State lawmakers receive local input on water issues

Members of the Legislative Commission’s Subcommittee to Study Water on Monday sought solutions on how to deal with water appropriation and dropping water levels in Pahrump and across Nevada.

The Legislative Commission’s Subcommittee to Study Water heard from more than a dozen community stakeholders and officials gave the lawmakers their suggestions on how to address water overappropriation in the valley.

Nevada has 256 basins and currently, over 20 percent of them, including Pahrump, are overappropriated or are on the cusp of being overappropriated, officials said.

“And I’m sure that’s something we can all agree on, we can’t continue down this path. We’ve got to make some changes. So, to accept the status quo won’t work,” Pete Goicoechea, chair of the subcommittee said.

The Pahrump Valley has close to 60,000 acre feet of paper water rights and over 11,000 existing domestic wells. The valley also has approximately 20,000 acre feet of recharge.

Rick Felling, deputy administrator at Nevada Division of Water Resources, said water levels are static across Basin 162, but the Pahrump Valley has “significant” changes.

“Reduced pumpage has had a positive effect in some areas, water level is rising closer to (alluvial) fans and on the (alluvial) fans, but there’s a steady decline to the west and south on the valley floor,” he said.

The Nye County Water District estimated that the valley lost about a foot of water per year from 2004 to 2014. Meanwhile, on the alluvial fan, the recovery was a foot of water per year in the same years.

“A foot per year of water level decline for most basins would not be alarming, we see two feet in some places, three feet per year in agricultural basins,” Felling said.

“One can say that the basin overall is in equilibrium, but depending (on) where you are, water levels are either going up or going down. Declines continue in the areas with the highest density of domestic wells and that is on the valley floor,” he said.

Pahrump has the largest concentration of domestic wells in Nevada, yet most of the wells are junior in priority to water rights in the valley.

Under state law, the domestic wells would be the first pumping to be curtailed. The state law focuses on water rights, seniority and proof of beneficial use.

Nevada State Engineer Jason King said after observing changes in water pumping in Pahrump, his office had taken an opportunity to be proactive and get together with stakeholders to put together a groundwater management plan.

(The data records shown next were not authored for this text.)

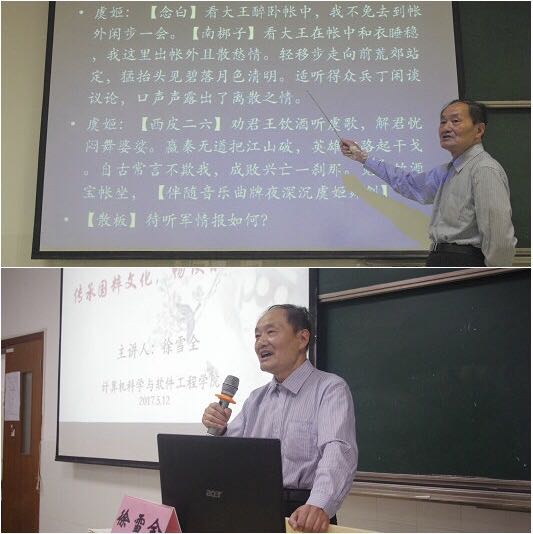 5月12日为学校的美育主题活动日,计算机科学与太阳成集团tyc7111cc在理科大楼B222特别组织了“传承国粹文化,畅谈京剧之美”的主题讲座。活动邀请到了太阳成集团tyc7111cc京剧社成员、计算机科学与太阳成集团tyc7111cc退休教师徐雪全与学院师生共同领略国粹京剧的艺术魅力,畅谈民族文化的发扬传承。公司党委书记李恺、全体辅导员以及对京剧有浓厚兴趣的师生参与此次活动。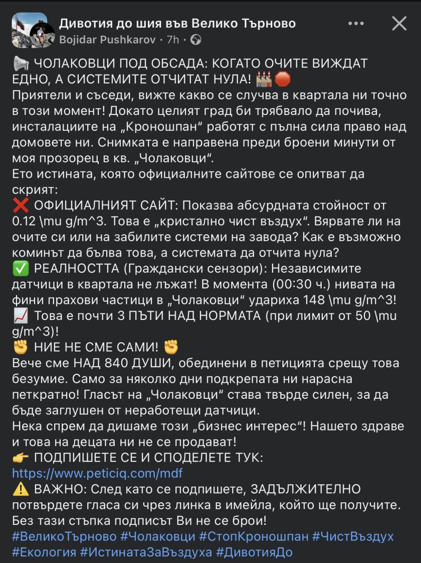 Недоволството в квартала вече се превръща в организирана гражданска кампания. Над 740 души са подписали петиция срещу замърсяването. Според тях броят на подписите се увеличава ежедневно. Те настояват за реални измервания на качеството на въздуха. И за пълна прозрачност на данните.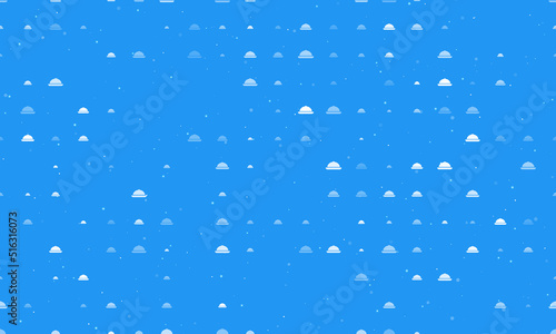 Seamless background pattern of evenly spaced white cloche symbols of different sizes and opacity. Vector illustration on blue background with stars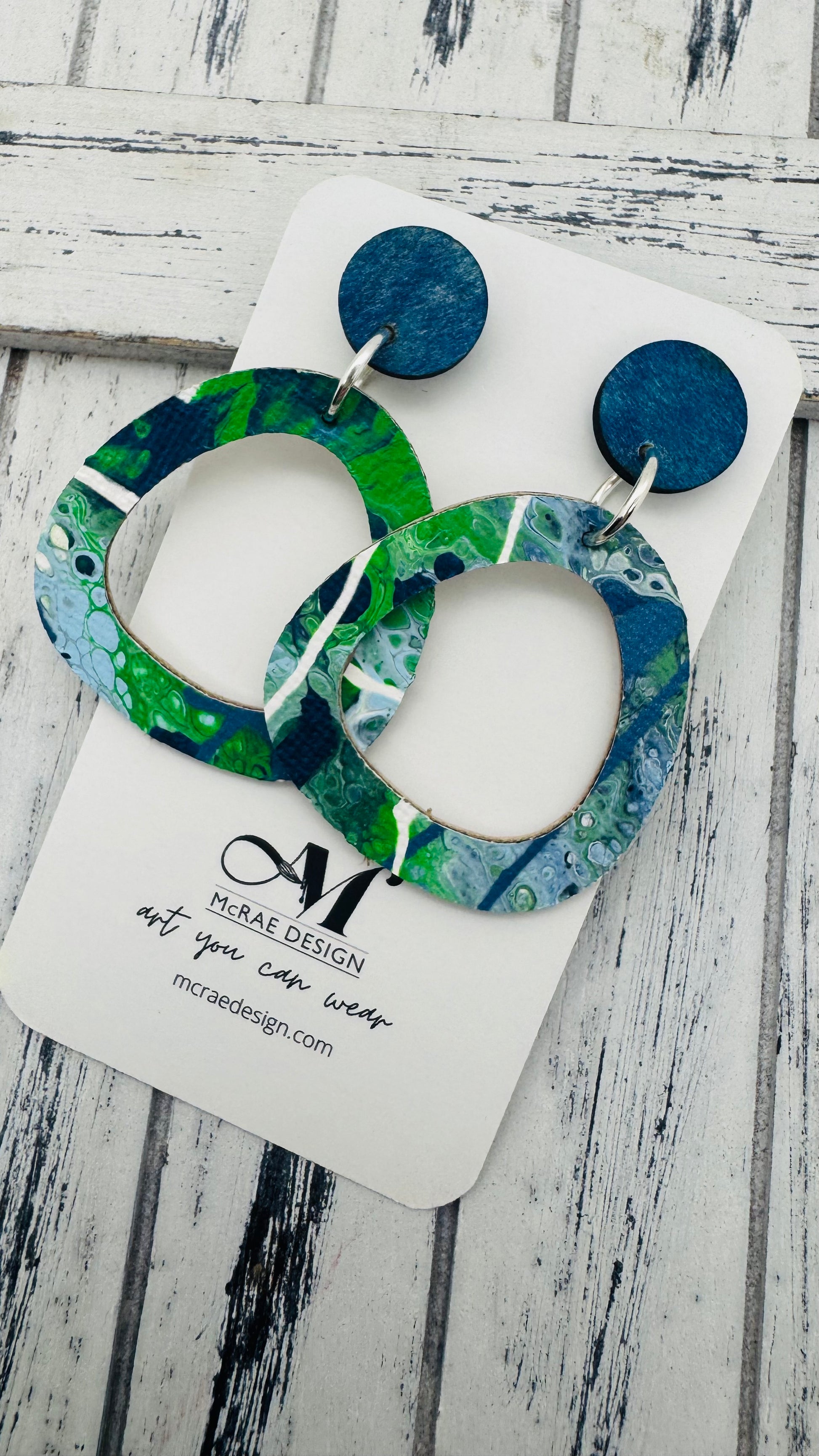 Meet Surfer Girl — a dreamy, salt-kissed collection of wearable art inspired by the shimmer of ocean waves and the nostalgia of endless summer days. Every pair begins as a hand-painted canvas, then carefully cut into oceanic silhouettes like mermaid tails, turtles, and sand dollars. With metallic navy blues, vibrant kelly greens, soft Carolina blue, and bright whites, these earrings echo the rhythm of tides and the sparkle of sunlight on the sea.

“Somehow, that has been viewed, that has been couched as the state’s engineer’s office is out here for a water grab,” King said during the meeting. “That we are interested, that it’s our charge to go in and take these domestic well owners’ property rights and take them away. And I don’t know how that happened, I’ve made this statement several times to this crowd before that that is not our intent.”

Some residents called for a moratorium on growth, but King said he supports domestic well metering.

“As a manager of water in the driest state in the nation, in my perfect world, I would like every bit of water metered,” he said.

Wendy Barnett, president of Utilities, Inc. of Central Nevada said the valley needs “balanced, responsible growth” and the preservation of water.

“I am not for a complete moratorium, I think that might be the death of our community,” she said.

Pahrump Utility Company, Inc. General Manager Gregory Hafen II said the company supports water conservation credit and suspension of “use-it-or-lose-it” law. He also said Pahrump Utility Company, Inc. supports metering of all water users in the overappropriated basin.

“You can’t manage something you can’t measure,” he said.

Officials said stakeholders need to act now and be an integral part of the solution and not wait for state engineer’s office to take action.

“The problem is certainly not going away,” Felling said. “Even without the pumping more than the perennial yield in Pahrump on the valley floor, we are going to see a consistent water level decline of about a foot per year, and then over the next decade or two to four decades, we are going to see thousands of domestic wells fail because there’s no water.”

The subcommittee has been gathering information from different groups across the state and will work on recommendations for the 2017 legislative session during its last meeting in August.

Monday’s meeting in Pahrump was the subcommittee’s fifth in communities across the state.

The Legislative Commission’s Subcommittee to Study Water will hold its last meeting at 9 a.m. on Aug. 26 in Carson City. The meeting also will be teleconferenced at the Grant Sawyer Building located at 555 E. Washington Ave., in Las Vegas.